Он заколебался, ответил нехотя, словно выдавал великую тайну:

– Дик, Господь изрекал святые истины... но он не разделял, какие истины можно говорить простому народу, а какие... еще рано. Ведь не говорим же мы многие вещи детям, не окрепшим умом и плотью? Святые апостолы все записали, прочли и увидели, что не все слова Христа можно бросать в народ вот так сразу...

Мне почудилось, что я нечто подобное уже слышал. Ага, Сатана говорил почти теми же словами. О том, что не все можно сразу, человека нужно подводить к истине постепенно. Как если бы ребенка учить сперва арифметике, потом алгебре, потом интегральному исчислению... А если сразу начать с тензорных уравнений, то и школьный учитель скопытится от инсульта.

– И что же крамольного, – повторил я, – именно в словах о блуднице?

Он снова заколебался, но на этот раз не стал уходить от ответа, выдохнул горько:

– Они для своих.

Я смотрел непонимающе.

– Для... каких? Священников? Епископов?

Он покачал головой.

– Для своих, Дик. Для своих. Уже... скажем так, познавших многое. Для тех, кто поймет скрытый смысл этой горькой истины. Таких немного, увы. Однако наша церковь старается спасти души не только своих, но всего человечества... или, по крайней мере, большинства. А большинство, сам знаешь, это совсем не герои, не подвижники, не аскеты, не мудрецы. Их надо держать в чистоте и невинности с рождения. Понимаешь? Нет, конечно...

Я сказал с неуверенностью:

– Мне кажется, в чем-то врубаюсь. Не у всякого хватит духу завязать с наркотой, водярой, даже бросить курить может не всякий... Таким лучше и не начинать. Потому и надо пропаганду здорового образа жизни шырше и-в массы, в массы, в массы!

Инквизитор посмотрел на меня остро:

– Я не знаю, что значат твои слова. Но мы обучены смотреть сквозь мирское... и я вижу, ты понимаешь. Более того, скажу, что первые апостолы Христа были совсем не из невинных душ. Это были... словом, это были те, кто... видел и Свет и Тьму, пробовал сладкое и горькое, творил дело правое и неправое. Они создали Церковь! Обжегшись сами, старались уберечь от огня более слабых, которые могут сгореть. Именно они создали Церковь, а не чистые, невинные души. Чистые души они... чистые...

Я кивнул:

– Улавливаю. Политика – грязное дело, да и сами политики... сплошная грязь. Но только политики могут изменить жизнь. Как к лучшему, так и к худшему. Я недостаточно хорош и чист, чтобы на меня снизошла благодать Господня, зато я могу быть полезен... как палач, ассенизатор, журналист, мент... Да и в лесу на меня не больно что-то действует нечисть, потому что я сам в некотором роде... гм... не совсем чист.

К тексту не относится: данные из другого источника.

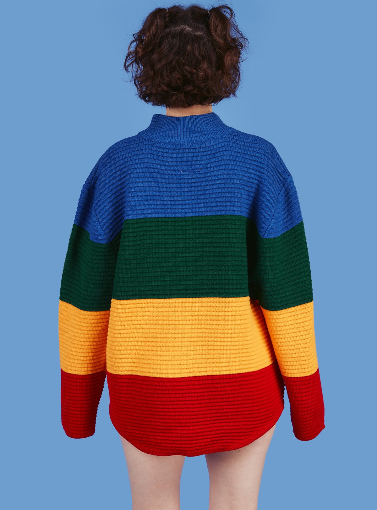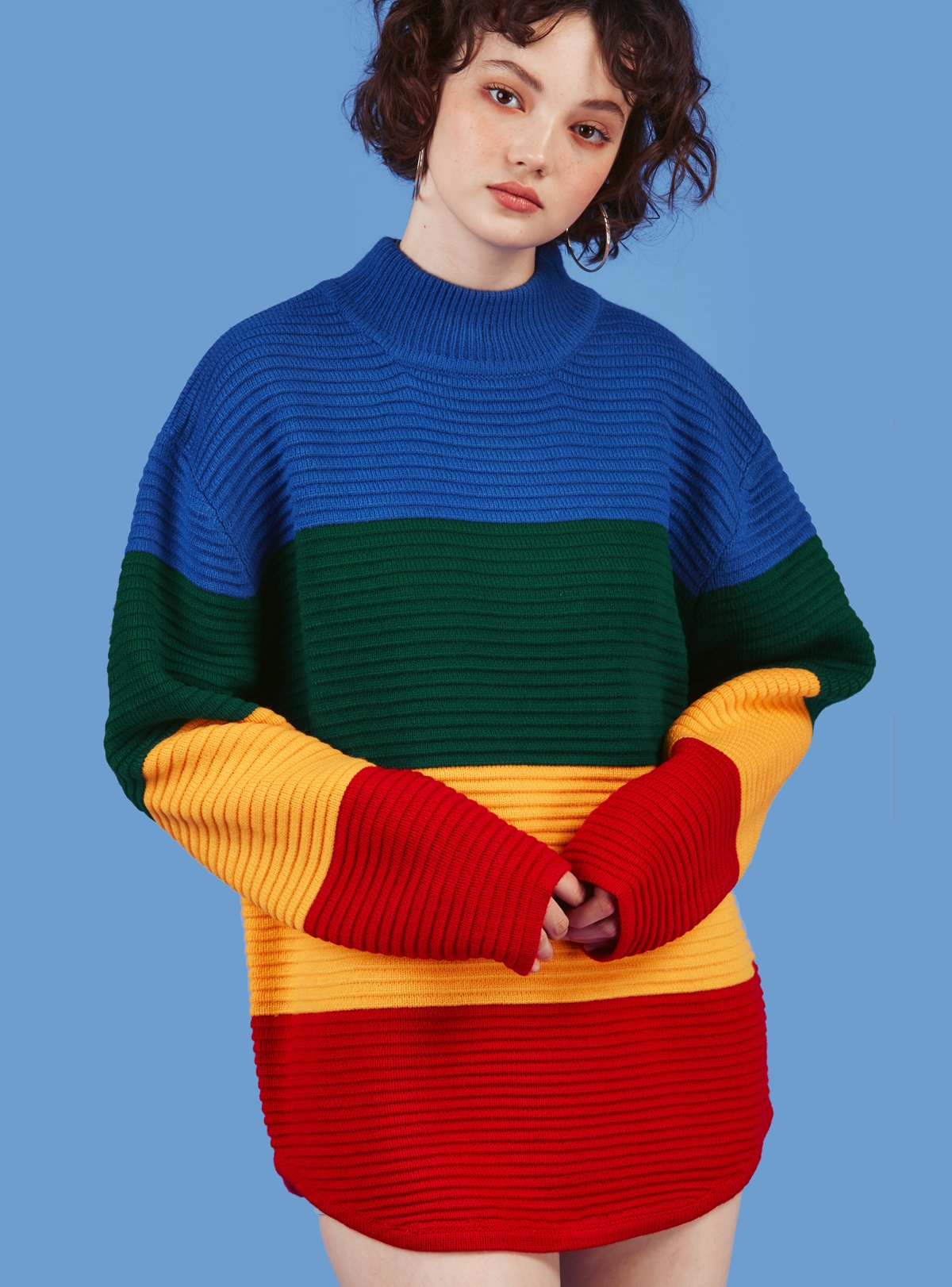 Oversized, color blocked sweater with textured ribbing. Fit is oversized but runs true.

Он поднялся, книгу сунул под мышку, в полутьме глаза блеснули сухим огнем.

– Получи разрешение у Беольдра... а еще лучше – у короля. И... не затягивай, Дик, не затягивай!.. Боюсь, ты им сильно понадобишься.

И все-таки выносливости людей Зорра я завидовал. Возможно, это выносливость белок и зайцев, постоянно верещащих и прыгающих, но сейчас я, как огромный усталый слон, развалился в тесном кресле... ага, именно как слон и именно в тесном, ноги гудят как разогнанный проц, тело обесточено, а до электророзетки не дотянуться... Хотя сухой жар от крупных багровых углей испаряет капельки пота, очень медленно вымывает усталость и вливает в измученное беготней тело энергию.

Слуга поставил на маленький столик кубки из золота. Шартреза благосклонно кивнула, он налил во все три, неслышно удалился. Я не решился взять раньше короля и королевы, а Шартреза тоже отдыхает в глубоком кресле, веки опустила, я впервые заметил на них крохотные морщинки. Король же с некоторым удивлением посматривал то на меня, то на королеву, но молчал.

Наконец Шартреза открыла глаза, ее тонкая ладонь с изящными пальцами отыскала на подлокотнике высохшую кисть Шарлегайла.

– Дорогой, – произнесла она, и я ощутил затаенную нежность в ее сильном голосе, – я привела Дика... чтобы ты дал согласие...

– На что, любовь моя?

Снова я ощутил непритворную любовь и нежность, ( олерь уже в голосе быстро стареющего короля.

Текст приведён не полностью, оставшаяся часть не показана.